WHAT TO DO:
Copy the data below exactly. Any pictures in it should be omitted.

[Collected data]
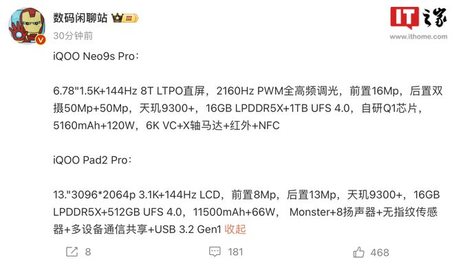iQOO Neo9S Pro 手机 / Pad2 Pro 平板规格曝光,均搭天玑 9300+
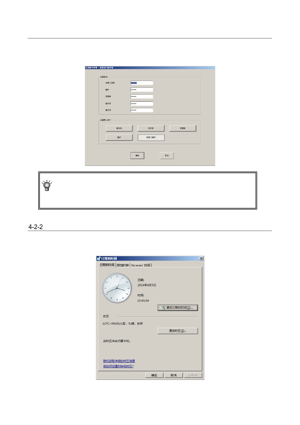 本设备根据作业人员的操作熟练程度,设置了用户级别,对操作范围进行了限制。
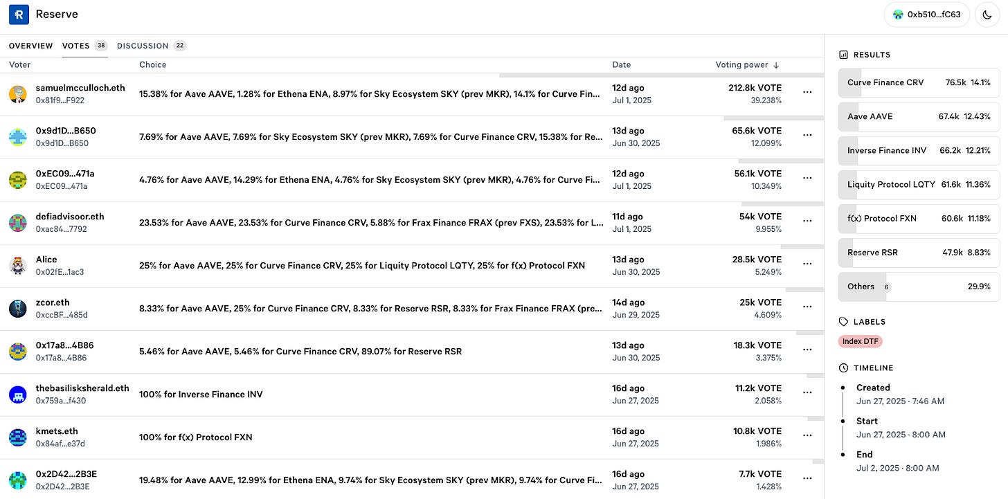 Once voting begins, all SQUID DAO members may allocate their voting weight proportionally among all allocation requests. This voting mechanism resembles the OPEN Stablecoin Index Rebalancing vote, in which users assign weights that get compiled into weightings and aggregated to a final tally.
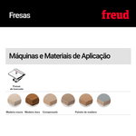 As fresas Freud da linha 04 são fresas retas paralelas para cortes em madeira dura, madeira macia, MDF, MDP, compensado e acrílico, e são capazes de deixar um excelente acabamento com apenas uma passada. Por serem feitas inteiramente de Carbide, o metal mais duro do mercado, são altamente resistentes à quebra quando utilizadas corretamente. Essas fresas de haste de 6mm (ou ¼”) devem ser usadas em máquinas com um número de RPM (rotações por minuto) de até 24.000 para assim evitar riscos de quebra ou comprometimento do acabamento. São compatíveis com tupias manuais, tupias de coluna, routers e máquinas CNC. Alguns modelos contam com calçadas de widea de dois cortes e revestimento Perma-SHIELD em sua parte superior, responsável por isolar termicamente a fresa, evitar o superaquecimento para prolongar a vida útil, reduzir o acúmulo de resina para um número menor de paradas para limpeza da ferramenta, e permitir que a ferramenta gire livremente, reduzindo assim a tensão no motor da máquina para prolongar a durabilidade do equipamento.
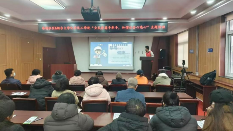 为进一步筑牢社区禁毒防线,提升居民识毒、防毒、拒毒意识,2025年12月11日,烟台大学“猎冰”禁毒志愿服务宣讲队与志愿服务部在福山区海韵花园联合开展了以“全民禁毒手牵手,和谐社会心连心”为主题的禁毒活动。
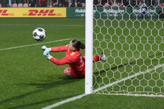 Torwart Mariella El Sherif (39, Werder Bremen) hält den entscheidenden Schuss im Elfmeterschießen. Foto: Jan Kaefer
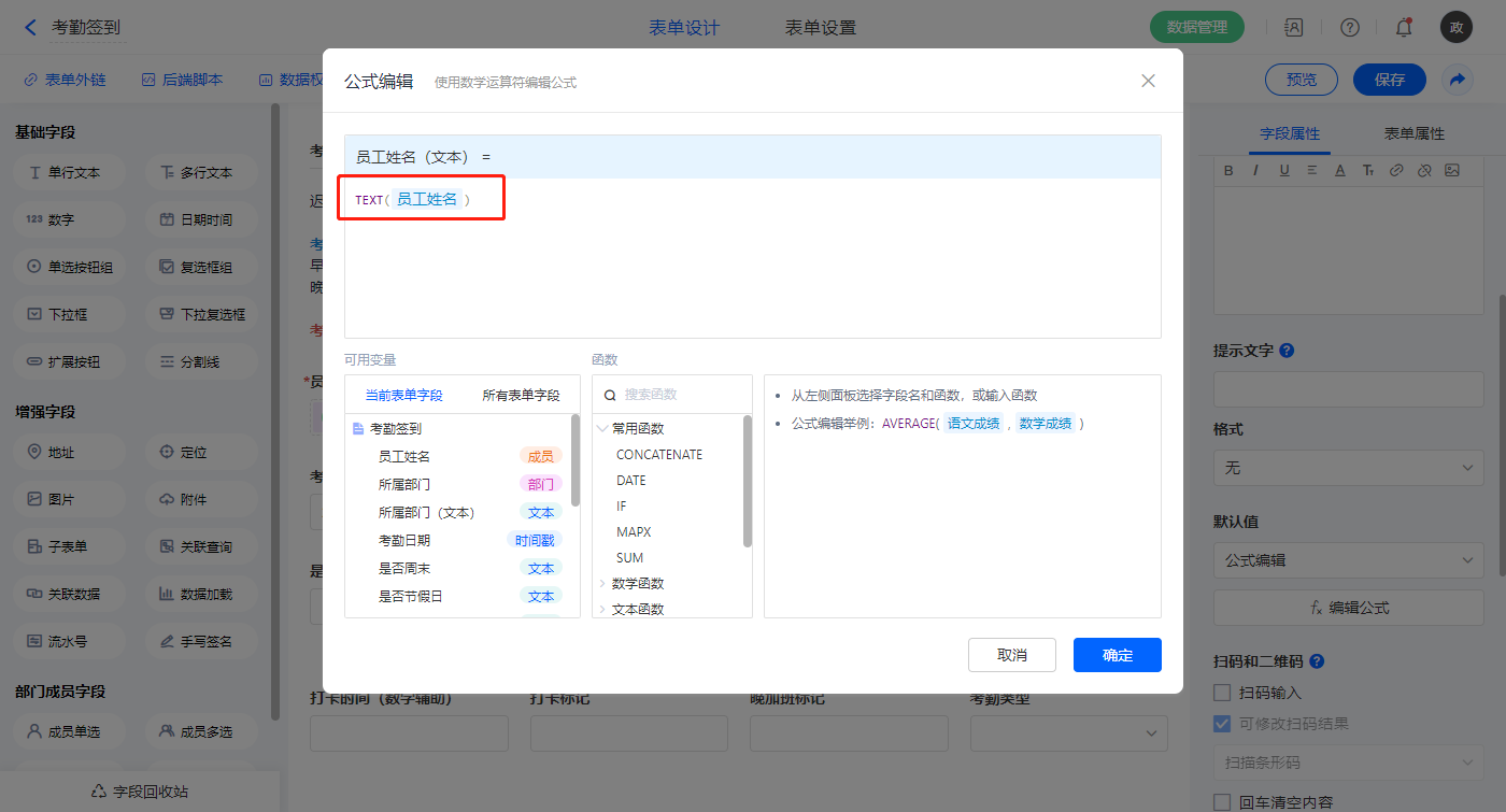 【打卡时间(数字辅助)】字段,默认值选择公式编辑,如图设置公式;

TASK OUTPUT:
iQOO Neo9S Pro 手机 / Pad2 Pro 平板规格曝光,均搭天玑 9300+
 本设备根据作业人员的操作熟练程度,设置了用户级别,对操作范围进行了限制。
 Once voting begins, all SQUID DAO members may allocate their voting weight proportionally among all allocation requests. This voting mechanism resembles the OPEN Stablecoin Index Rebalancing vote, in which users assign weights that get compiled into weightings and aggregated to a final tally.
 As fresas Freud da linha 04 são fresas retas paralelas para cortes em madeira dura, madeira macia, MDF, MDP, compensado e acrílico, e são capazes de deixar um excelente acabamento com apenas uma passada. Por serem feitas inteiramente de Carbide, o metal mais duro do mercado, são altamente resistentes à quebra quando utilizadas corretamente. Essas fresas de haste de 6mm (ou ¼”) devem ser usadas em máquinas com um número de RPM (rotações por minuto) de até 24.000 para assim evitar riscos de quebra ou comprometimento do acabamento. São compatíveis com tupias manuais, tupias de coluna, routers e máquinas CNC. Alguns modelos contam com calçadas de widea de dois cortes e revestimento Perma-SHIELD em sua parte superior, responsável por isolar termicamente a fresa, evitar o superaquecimento para prolongar a vida útil, reduzir o acúmulo de resina para um número menor de paradas para limpeza da ferramenta, e permitir que a ferramenta gire livremente, reduzindo assim a tensão no motor da máquina para prolongar a durabilidade do equipamento.
 为进一步筑牢社区禁毒防线,提升居民识毒、防毒、拒毒意识,2025年12月11日,烟台大学“猎冰”禁毒志愿服务宣讲队与志愿服务部在福山区海韵花园联合开展了以“全民禁毒手牵手,和谐社会心连心”为主题的禁毒活动。
 Torwart Mariella El Sherif (39, Werder Bremen) hält den entscheidenden Schuss im Elfmeterschießen. Foto: Jan Kaefer
 【打卡时间(数字辅助)】字段,默认值选择公式编辑,如图设置公式;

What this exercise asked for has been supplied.